═════ Given records

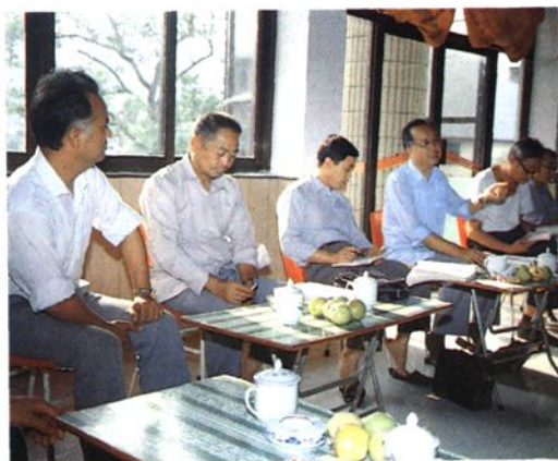
与会代表在评审会议上
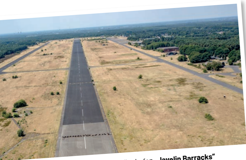
Ehemaliger britischer Militärflughafen „Javelin Barracks“

Den Rundwanderweg beginnen Sie direkt am Wanderparkplatz Hillenkamp in Elmpt. Folgen Sie dem Asphaltweg entlang des Zaunes, der den ehemaligen britischen Militärflughafen „Javelin Barracks“ umgibt.
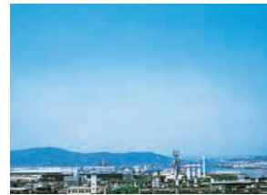
다시 찾은 파란 하늘(현재)
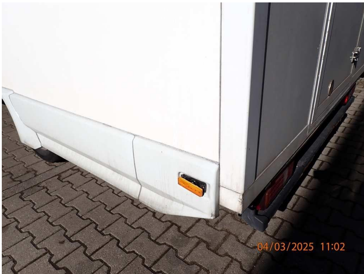
Fot. nr 60

══════════

• _Task prompt_: Find the word "Javelin" in the entries, then copy out every line that has it.

• _Written solution_:
Ehemaliger britischer Militärflughafen „Javelin Barracks“
Den Rundwanderweg beginnen Sie direkt am Wanderparkplatz Hillenkamp in Elmpt. Folgen Sie dem Asphaltweg entlang des Zaunes, der den ehemaligen britischen Militärflughafen „Javelin Barracks“ umgibt.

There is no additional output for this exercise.